**PROVIDED ENTRIES**.
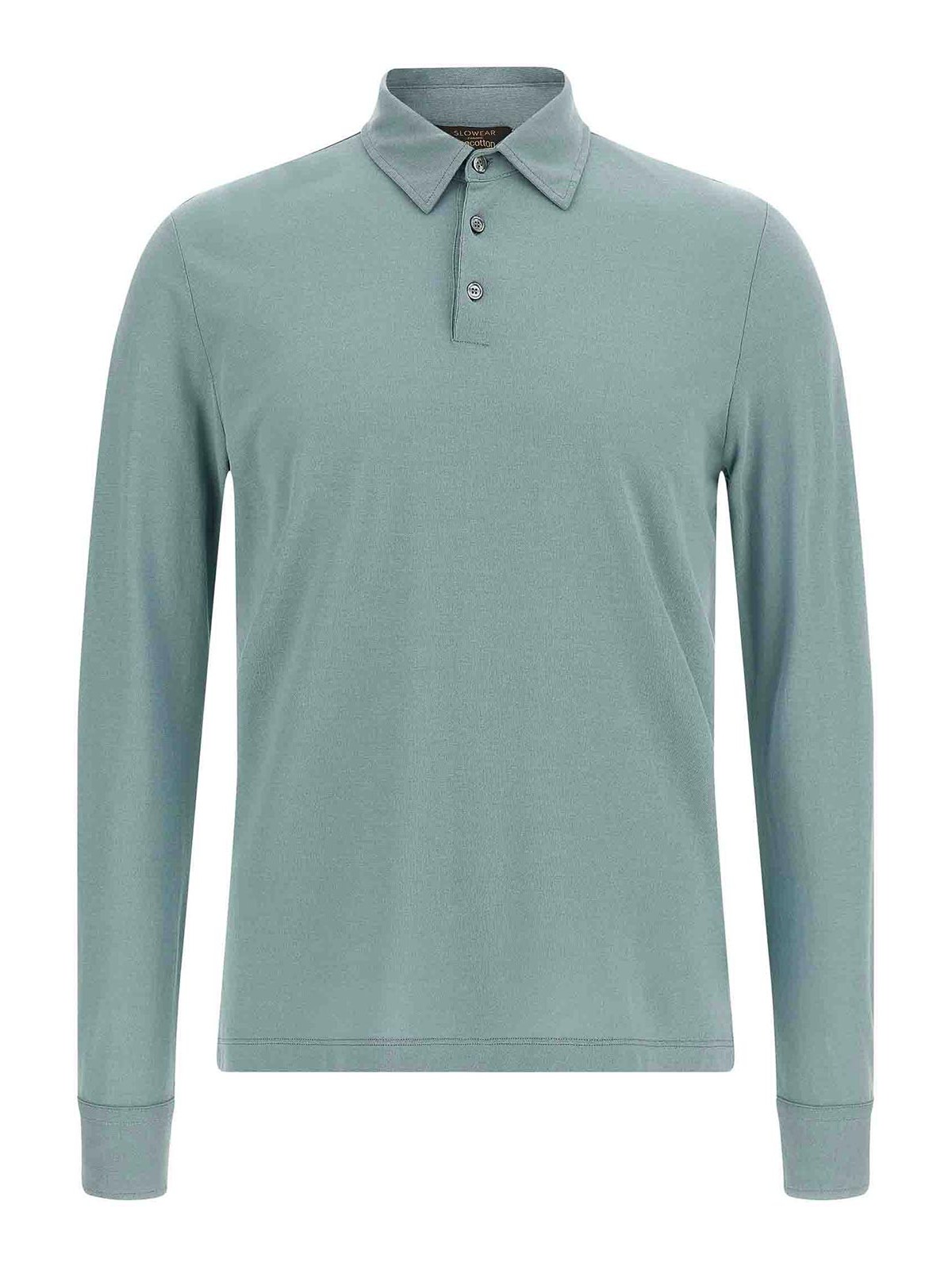 Poloshirt aus Baumwolljersey in Eisbaumwolle mit Kragen und Knöpfen, langen Manschettenärmeln und Seitenschlitzen.
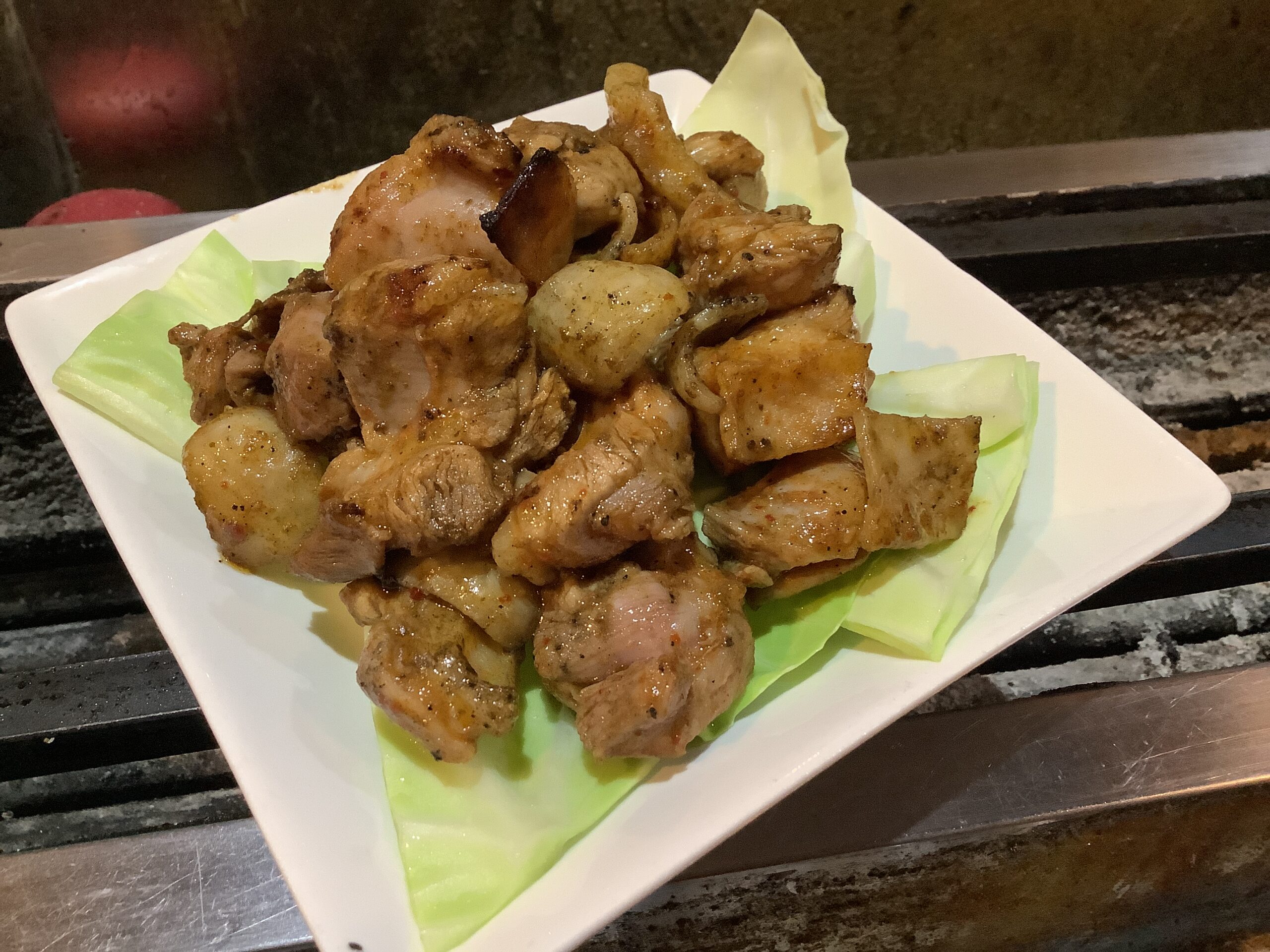 主役の薩摩地鶏ムネ肉は、あっさりしていながら旨味が濃く、キムチの辛味とよく馴染みます。肉は一口大にカットして下味を付け、特製のキムチダレに漬け込んだ後、炭火でじっくりと焼き上げます。外側は香ばしく、内部はしっとり。キムチの辛味と地鶏の旨味が混ざり合い、一口ごとに深い満足感を生み出します。
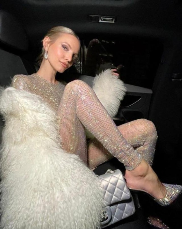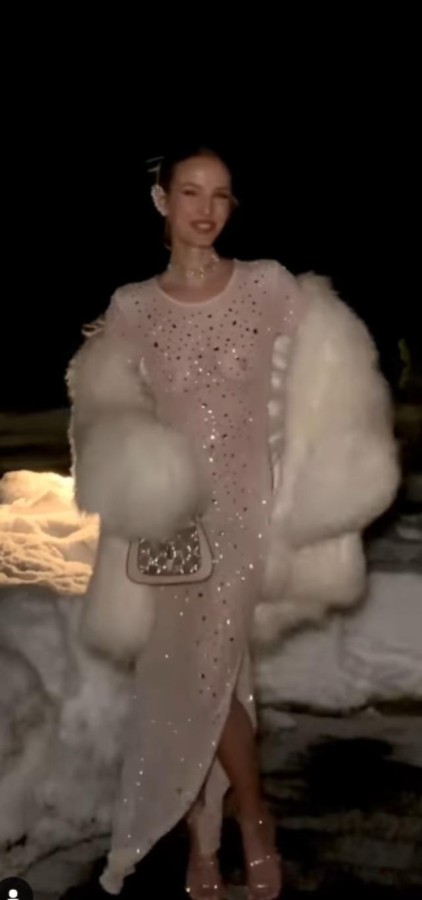 Baştan aşağı transparan beyaz bir elbise giyen Leonie Hanne kombinini beyaz kürkü ile tamamladı.
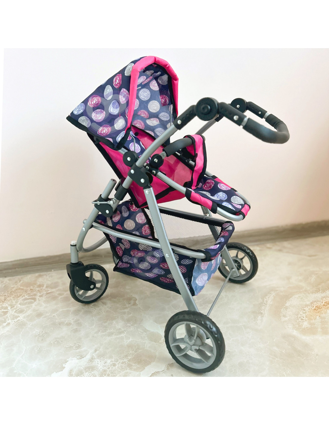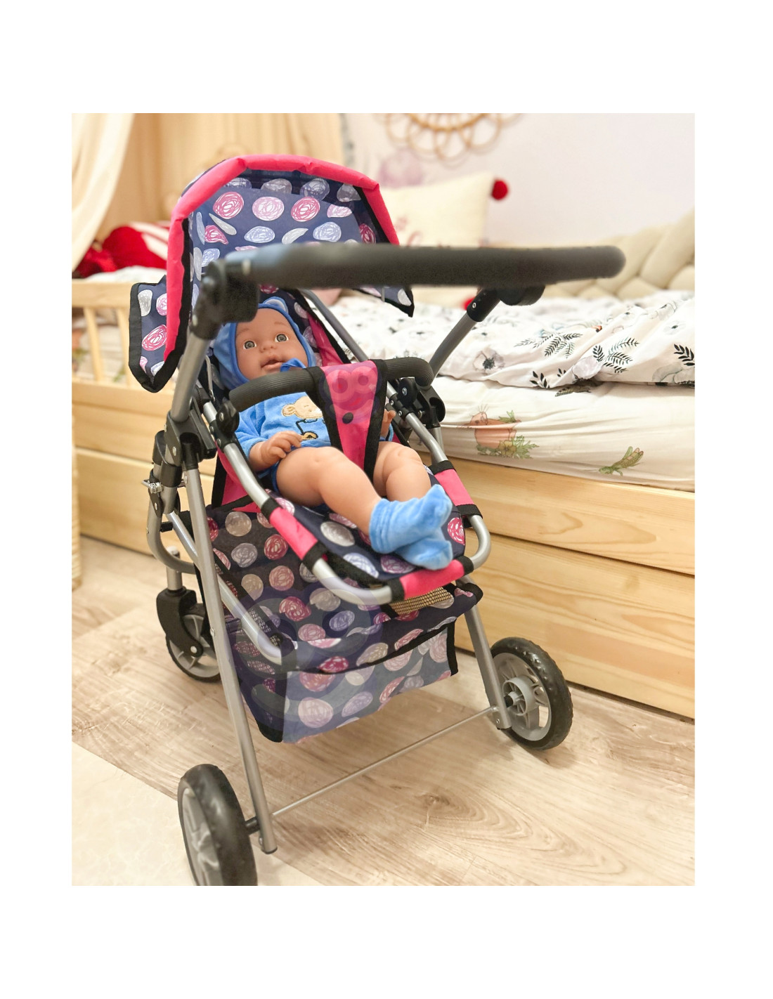 Stylowy i funkcjonalny wózek dla lalek od marki WOOPIE to wymarzony prezent każdej małej miłośniczki zabawy lalkami. Dzięki regulowanemu siedzisku można go łatwo dostosować do różnych potrzeb zabawy, umożliwiając przewożenie ulubionych lalek. Obracające się przednie koła gwarantują płynność prowadzenia, a solidna konstrukcja zapewnia stabilność podczas spacerów. Wózek wyposażono w miękką, wygodną rączkę i pojemny koszyk na akcesoria, który pomieści wszystkie drobiazgi niezbędne podczas zabawy. Składany daszek chroni lalki przed "słońcem", a kompaktowa konstrukcja sprawia, że wózek łatwo przechowywać, gdy zabawa dobiegnie końca.
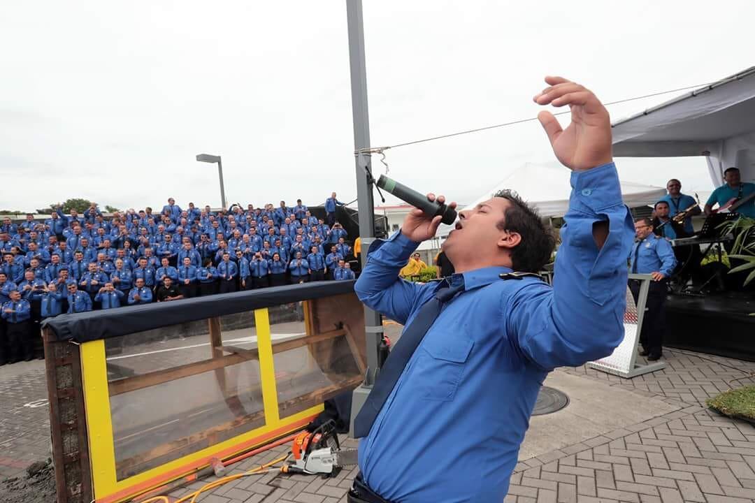 Él también es cantante y fue quien se encargó de ponerle sabor al cumpleaños número 153 del Cuerpo de Bomberos, que se festejó el pasado 28 de julio en el edificio de operaciones de esta institución en Santo Domingo de Heredia, al evento asistieron unas 500 personas.
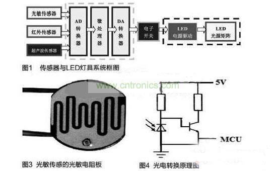 傳感器作為信號采集和機電轉換的器件,其機電技術已相當成熟,近幾年MEMS(微機電系統)技術興起又將傳感器技術向小型化、智能化、多功能化、低成本化大踏步邁進。光敏傳感器、紅外傳感器等各種類型的傳感器都可與LED照明燈具組成一個智能控制系統,傳感器將采集來的各種物理量信號轉換成電信號,可以經由集成電路化的AD(模數)轉換器 、MCU(微控制器)、DA(數模)轉換器對所采集的信號進行智能化處理,從而控制LED照明燈具開啟和關閉。人類可以籍此在MCU上設定各種控制要求,控制LED燈的開關時間、亮度、顯色、多彩變幻,從而達到省電節能的目標。傳感器與LED燈具組成的系統框圖如圖1所示。目前的集成電路制造技術已經可以將AD、DA、MCU集成在一個5mm×5mm或更小的封裝內,安裝在燈具內既不占面積而且十分方便。
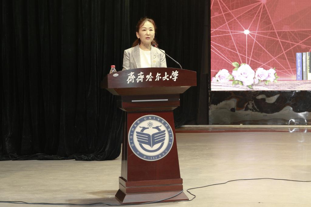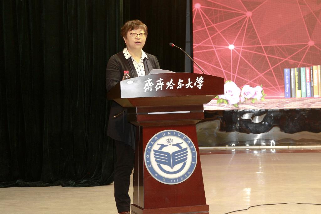 老教师代表、食品科学与工程一级学科带头人、龙江学者特聘教授、博士生导师刘晓兰教授在大会上发言。她用“四个坚持”与大家分享了自己从教近四十年的心得体会:一是坚持育人尽责,用仁德之心铺就成长之路,做学生品格铸炼的引路人;二是坚持育人以爱,用亲和之心架设教育之桥,做学生生活成长的引路人;三是坚持育人有法,用笃学之心搭建教学之梯,做学生终生学习的引路人;四是坚持敬业有道,用忠诚之心成就教育之基,做传承优良校风的引路人。刘晓兰教授表示,作为一名奋斗在教育科研一线的教师,我们要牢记习近平总书记的嘱托,始终不忘立德树人初心,牢记为党育人、为国育才使命,做学生的筑梦人,引导学生系好“人生的第一粒扣子”。相信在“养正毓德、精存自生”校训精神的激励下,在全体齐大人的共同努力奋斗下,齐大的明天会更加美好!
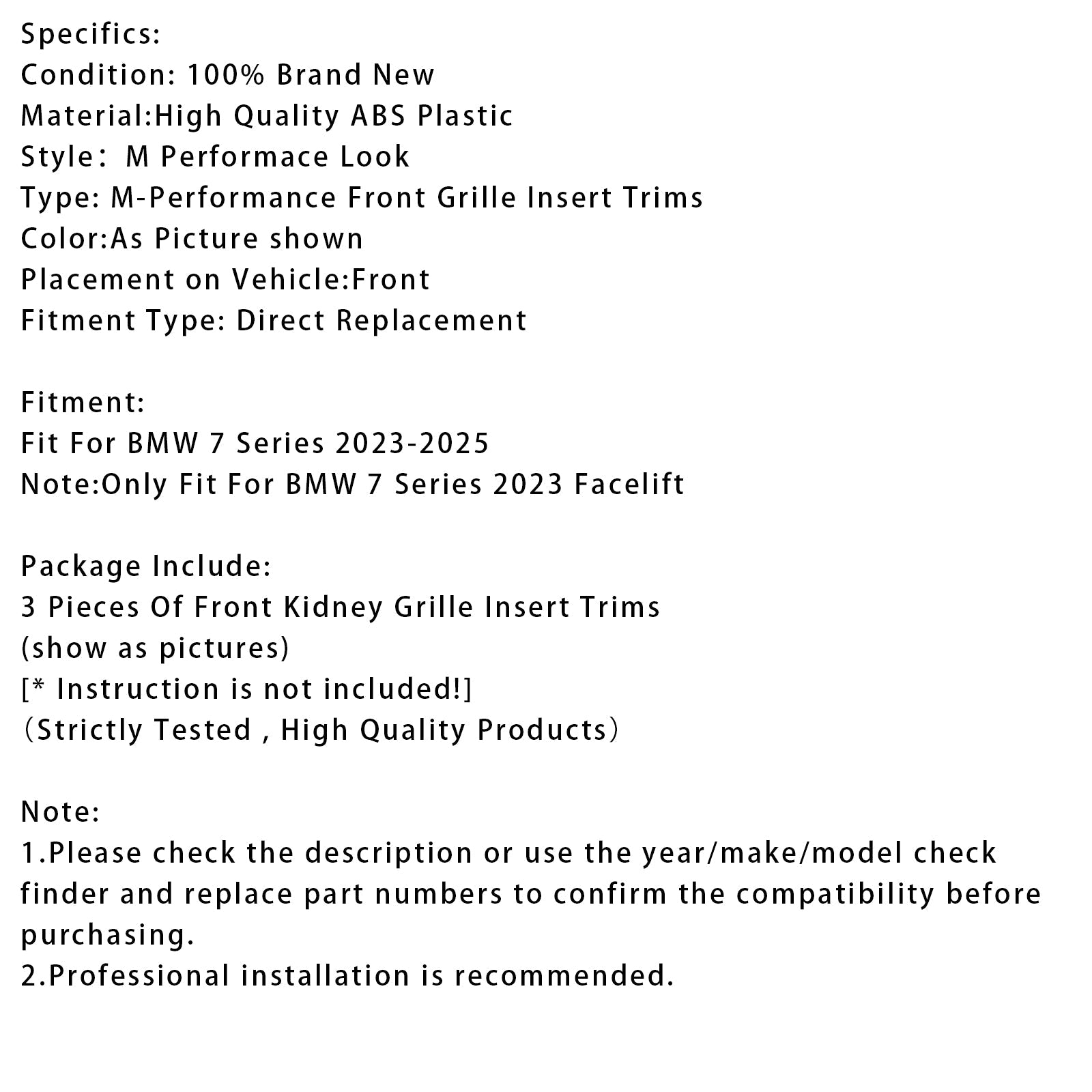 Nota: adatto solo per la serie BMW 7 2023 dopo la modifica Facelift
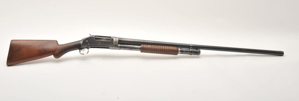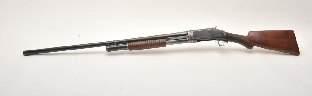 Winchester Model 1897 pump action takedown rifle, 12 gauge, 32” barrel, blued finish, wood stocks, S/N C 175055; overall good condition with considerable areas of original blued finish, good bore, crisp action, good markings and good wood stocks showing scattered mars and scratches from carry and storage plus hairline cracks (one on each side) at wrist area of butt stock. (C&R). Est.: $150-$300.

**EXERCISE PROMPT**. In the answer, set down only the lines from the opening line of the listing through the line that holds "Stylowy i funkcjonalny", exactly as they appear, minus the pictures.

**EXERCISE OUTPUT**.
 Poloshirt aus Baumwolljersey in Eisbaumwolle mit Kragen und Knöpfen, langen Manschettenärmeln und Seitenschlitzen.
 主役の薩摩地鶏ムネ肉は、あっさりしていながら旨味が濃く、キムチの辛味とよく馴染みます。肉は一口大にカットして下味を付け、特製のキムチダレに漬け込んだ後、炭火でじっくりと焼き上げます。外側は香ばしく、内部はしっとり。キムチの辛味と地鶏の旨味が混ざり合い、一口ごとに深い満足感を生み出します。
 Baştan aşağı transparan beyaz bir elbise giyen Leonie Hanne kombinini beyaz kürkü ile tamamladı.
 Stylowy i funkcjonalny wózek dla lalek od marki WOOPIE to wymarzony prezent każdej małej miłośniczki zabawy lalkami. Dzięki regulowanemu siedzisku można go łatwo dostosować do różnych potrzeb zabawy, umożliwiając przewożenie ulubionych lalek. Obracające się przednie koła gwarantują płynność prowadzenia, a solidna konstrukcja zapewnia stabilność podczas spacerów. Wózek wyposażono w miękką, wygodną rączkę i pojemny koszyk na akcesoria, który pomieści wszystkie drobiazgi niezbędne podczas zabawy. Składany daszek chroni lalki przed "słońcem", a kompaktowa konstrukcja sprawia, że wózek łatwo przechowywać, gdy zabawa dobiegnie końca.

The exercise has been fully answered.